You might consider yourself a person that has a working knowledge of git. I certainly do. I use git daily, swinging between branches and worktrees, doing interactive rebases and using features that many might label "advanced" git features.
But still, I keep struggling with some of the features that are not used everyday. Not necessarily because I don't get the concept behind them. I either keep forgetting the correct command and its order to use or find typing the command tedious, even with aliasing it to make it shorter.
I recently integrated lazygit into my daily working with git. It helps with making some operations faster, and provides an interface to perform some of the magic whose commands I would need to look up often. In this tutorial series, I will demonstrate this tool from its basic usage to advanced features, starting with an introduction in this post.
- You're here: Introduction to lazygit
- Deep dive: status panel
- Deep dive: files panel
- Deep dive: branches panel (planned)
- Deep dive: commits panel (planned)
- Deep dive: stash panel (planned)
- Squashing the stack for fun and profit (planned)
A first glimpse
I'm not covering installation here, as you will find excellent installation instructions on the GitHub repository of lazygit. All my examples will be working on OpenProject as my daily work rather than another made up tiny example repository with git.
Once you installed lazygit (I aliased it to
lg right away) and run it, you will be greeted with the following screen:
This will give you an overview over the current state of your git repo with the help of different panels. Each panel shows a different aspect of your repository. They can be navigated using the left and right arrow keys → and ←, or with the panels . Within each panel, you can move between items using the up and down arrow key ↓ and ↑.
On every panel, you can hit ? to get a quick menu with the available options in this menu. Every panel activates their own actions, and is highlighted by a colored border (depending on your terminal scheme) once you activate them.
Let's go through the panels one by one:
The status panel shows your current branch and tracking branch, and any local or remote changes that are not integrated. In my example, I'm on our
dev branch with one commit on my local and one on my remote
The files panel shows your locally modified and/or staged files. Navigate files with up and down arrow keys, stage or unstage them with space ␣.
Shows your recently used branches. The active branch is marked with a *, other branches are shown with their last activity. Each branch shows you outstanding local and remote changes, just like the status panel does for the current branch. Once activated, use the up and down keys to navigate between branches. Use space ␣ to checkout a selected branch.
This panel also has tabs for remotes and tags, which we will look at in another post.
The commits panel shows the recent commits for your active branch. Again, you can move between the commits with the up and down arrow keys.
The stash panel shows your stash stack items, if any. In my case, this is currently empty, so it does not show anything.
Right hand side
The right hand side shows information depending on the active panel. It will show the most recent log commits from your current branch (status, branch panels), or the diff from the selected files, commits, or stash item in the respective panels.
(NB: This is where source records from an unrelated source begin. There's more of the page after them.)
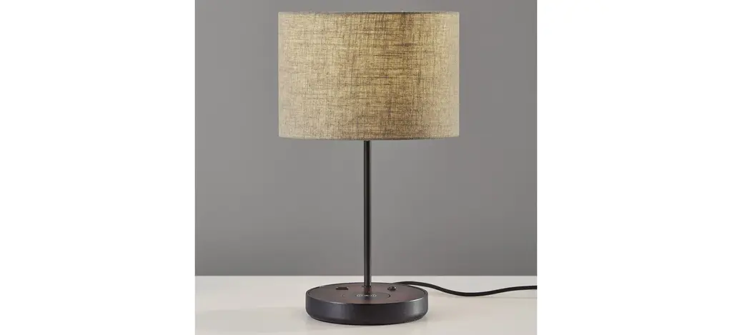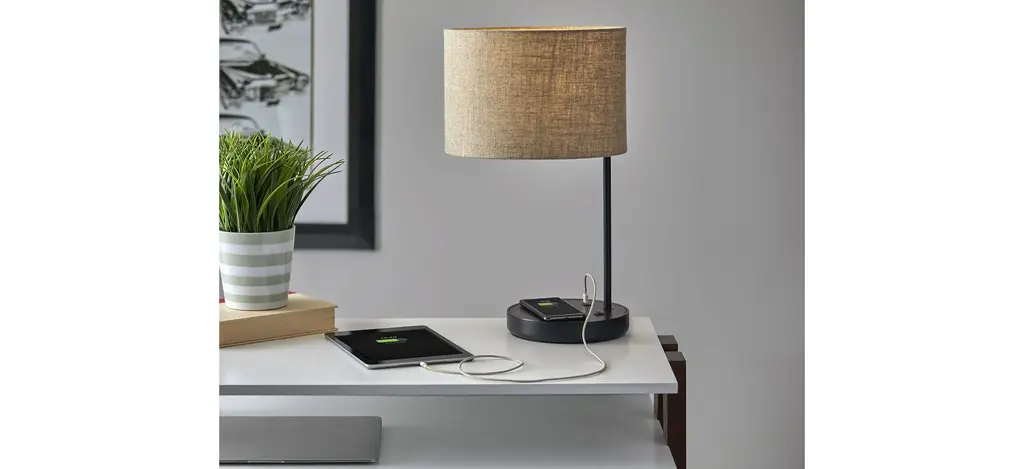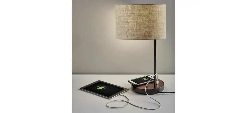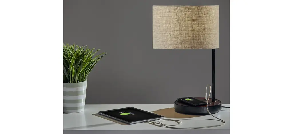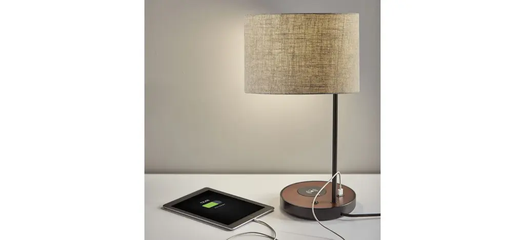 An essential addition to your bedside table, the Oliver AdessoCharge Table Lamp includes a wireless charging pad with Qi inductive charging technology. A matte black finish is mixed with walnut wood for mid-century modern appeal. A natural fabric shade reveals its beautiful texture when lit. Many smartphones (list below) have Qi technology built in, so just place your phone on the pad and it will charge right up. No cords, no mess. It's that easy! All AdessoCharge product is Qi certified by the Wireless Power Consortium. AdessoCharge is unique in that you can use the AdessoCharge pad, the USB and the light all at the same time with maximum efficiency of all three. An easily accessible rocker switch on the base turns the lamp on and off. Just plug in the lamp and the charger will work. This wireless charging pad will charge your phone through most materials, do you do not even need to remove your case! Only metal will hinder the function of the charging pad to charge through the case.
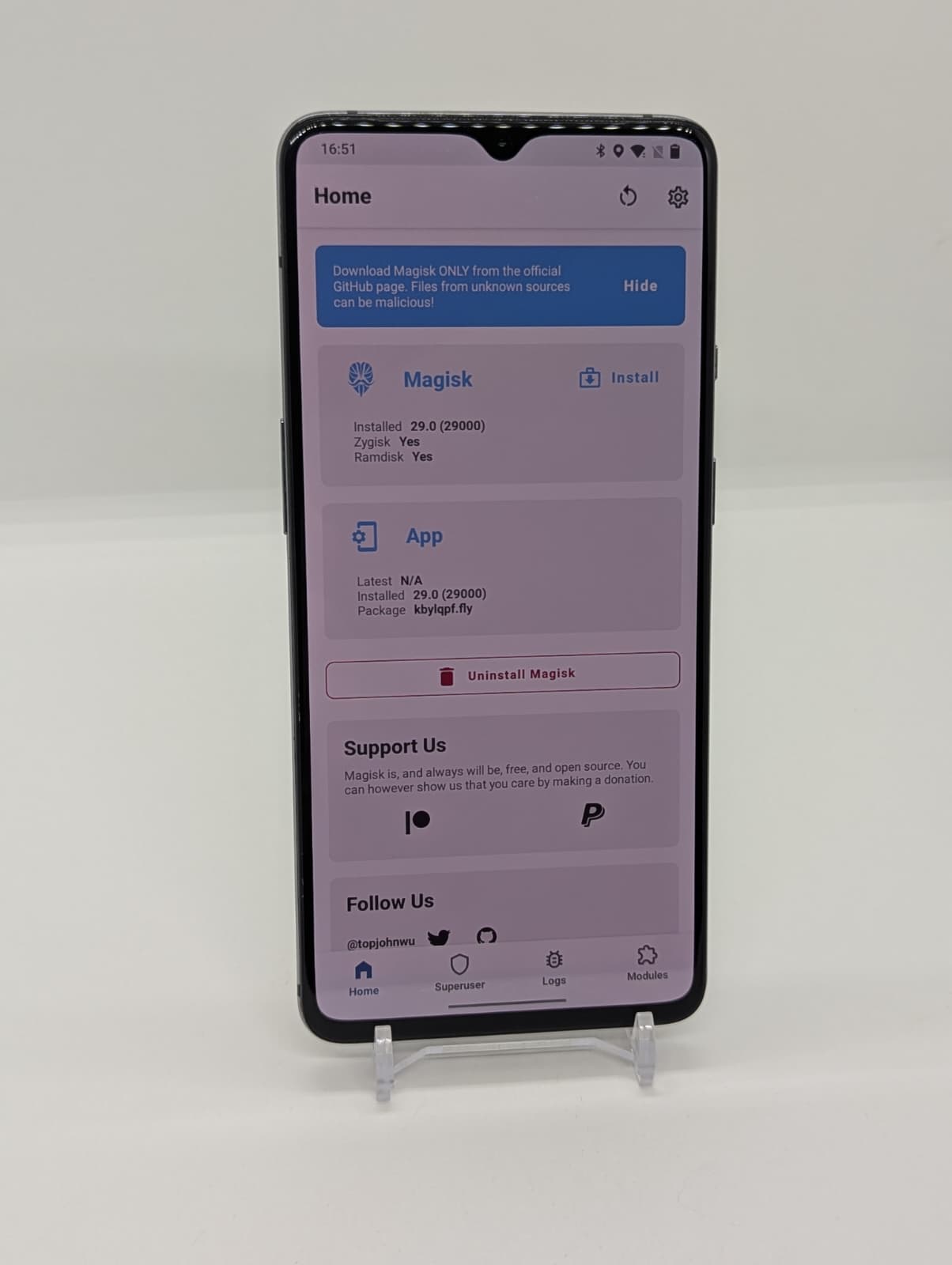 Magisk V29 installed (has the ability to hide root from apps)
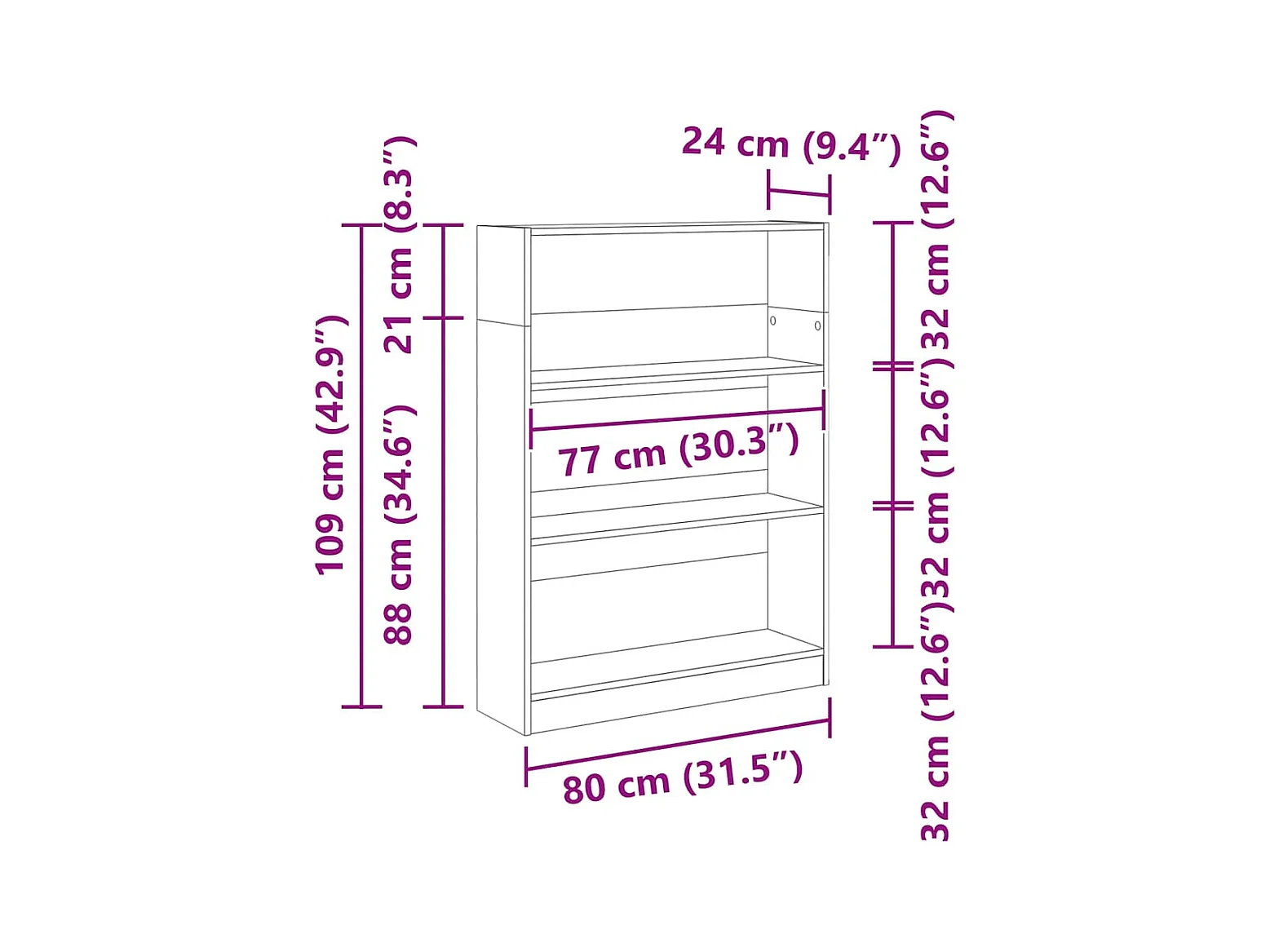 Libreria Grigio Sonoma 80x24x76 cm in Legno Multistrato

A simple example: Creating a new pull request
My daily work includes creating a lot of branches and pull requests for individual bug fixes and features.
Here's a quick rundown on how I would create a bug fix pull request:
Step 1: Fast-forward dev branch
First I'll want to make sure I fast-forwarded the
dev branch. For that I switch to the branches tab (2), search for the dev branch (checkout by name c dev ⏎) and fast-forward to get any remote changes (f).
Step 2: Create new branch based on dev
From there, I would check out a new branch (n) and type the branch name (e.g.,
fix/36346/moment-locale) and press enter to confirm.
Step 2: Create your changes
Then I will continue working and switch back to the files panel (2) to create commits. Select modified or new files with space and hit c to commit the files with a quick inline message. If you want to type using your $EDITOR, use an uppercase C.
Step 3: Push and open pull request
When ready to create a pull request, I switch back to the branches panel (3) to push the branch to origin (P) followed by open pull request (o). This will spawn a browser window with the compare window.
If you're now ready to try your own, feel free to help contributing to OpenProject!